This week’s PWCW has a number of fine articles to peruse, but the a look at the art-comix publisher PictureBox and their fall line-up:
PictureBox’s fall 2007 slate—five graphic novels and a photo book—is “a little lopsided,” Nadel said. He’s excited to introduce his favorite new Japanese artist to the American market: Yuichi Yokoyama, who he describes as “sort of Jack Kirby crossed with Chris Ware plus Mat Brinkman. I met him in Tokyo a few weeks ago. He doesn’t like comics, he doesn’t read comics—he said his favorite artists are Sol LeWitt and William Blake. He’s got a clothing line, catalogues—he’s a one-man industry.” The first Yokoyama book PictureBox will be publishing is New Engineering; Yokoyama’s work will also appear in the new issue of Nadel’s cartooning-and-design-and-whatever-else-comes-to-mind periodical anthology The Ganzfeld. This issue is subtitled “Japanada,” and it’s divided between what Nadel describes as “the lineage of Japanese psychedelic artists” and Canadian artists—the latter group includes Marc Bell, Julie Doucet and Destroyer singer/songwriter Dan Bejar.
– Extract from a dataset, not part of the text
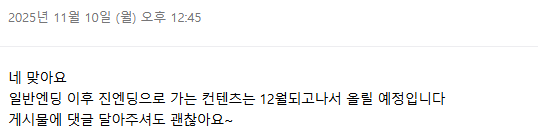혹시나 해서 다른 드퀘전문 유투버님께 물어보니 자기도 그 사실을 알고 있어서 12월달에 올릴려고 계획하고 계신다더군요 다른 분들이 이렇게 신경쓰고 노력하는데 저런 분은 참... 그렇네요 | 25.11.10 14:17 | |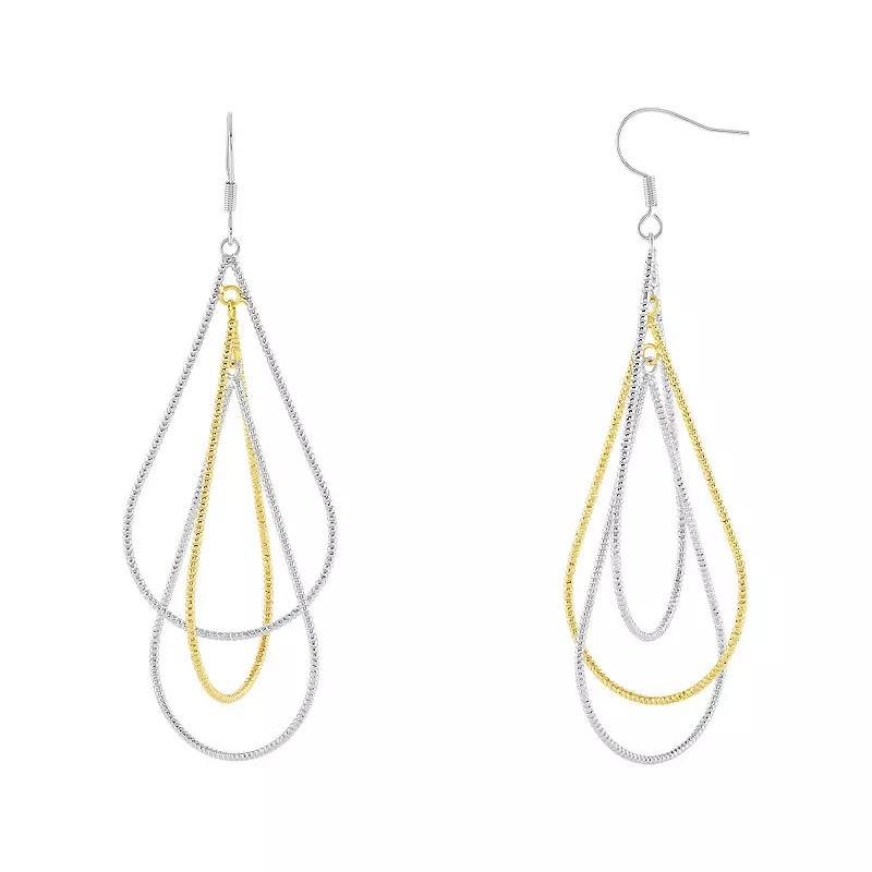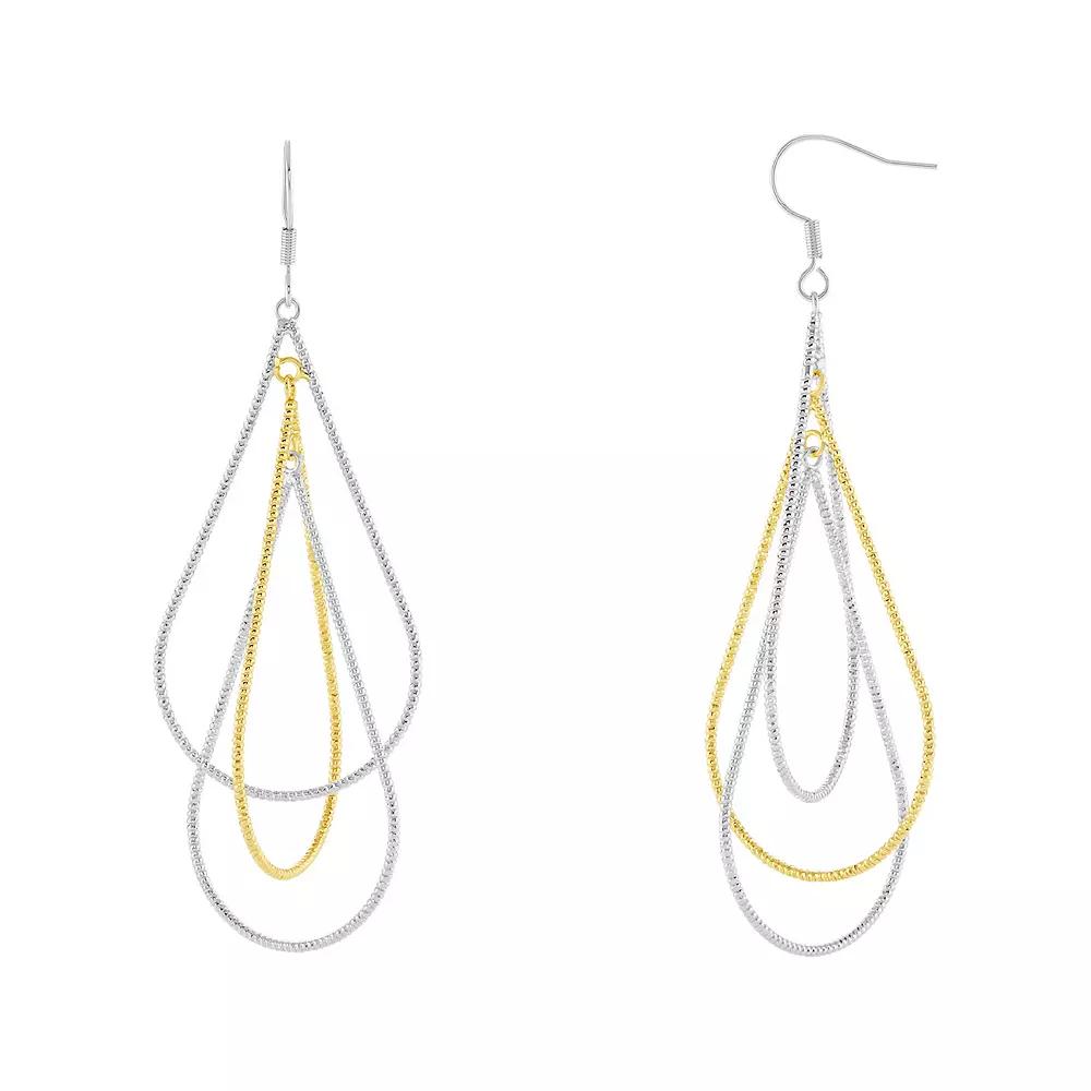 Enhance your look with these PRIMROSE Triple Diamond Cut Teardrop Earrings. Click on this JEWELRY & WATCHES GUIDE to learn about fit, styles, materials and more! Enhance your look with these PRIMROSE Triple Diamond Cut Teardrop Earrings. Click on this JEWELRY & WATCHES GUIDE to learn about fit, styles, materials and more! FEATURES Length: 77.5 mm Backings: fishhook Nickel free Metal: brass Plating: silver tone, 18k gold flash Finish: diamond-cut Packaging: decorative card Imported Size: One Size. Color: Two Tone. Gender: female. Age Group: adult. Material: Silver Plate.

Also due in the fall are a new edition of Frank Santoro’s Storyville, as an oversized hardcover with a new introduction by Chris Ware; Lauren Weinstein’s graphic novel Goddess of War; and a 120-page black-and-white graphic novel drawn by the Kramers Ergot-associated artist who calls himself C.F. The longest-awaited book on PictureBox’s docket, though, has to be Brian Chippendale’s Maggots, originally scheduled to be released by the now-defunct Highwater Books some years ago, and drawn in 1995 on a very unusual medium: Chippendale covered every surface of a 360-page Japanese book catalogue with his frantic, scribbled comics narrative. “It’s unbelievable,” Nadel said. “It’s bonkers. We’re going to do a complete facsimile of it, as a softcover.”
Nadel also talks about the recent decision to stop publishing the pamphlet version of Cold Heat.
If that’s not enough for you, there’s also coverage of the recent Glyph Awards, interviews with Gilbert Hernandez and Rutu Modan, a look at an upcoming series of educational texts from the Center for Cartoon Studies, and a look at the Hong Kong comics industry via Alan Wan.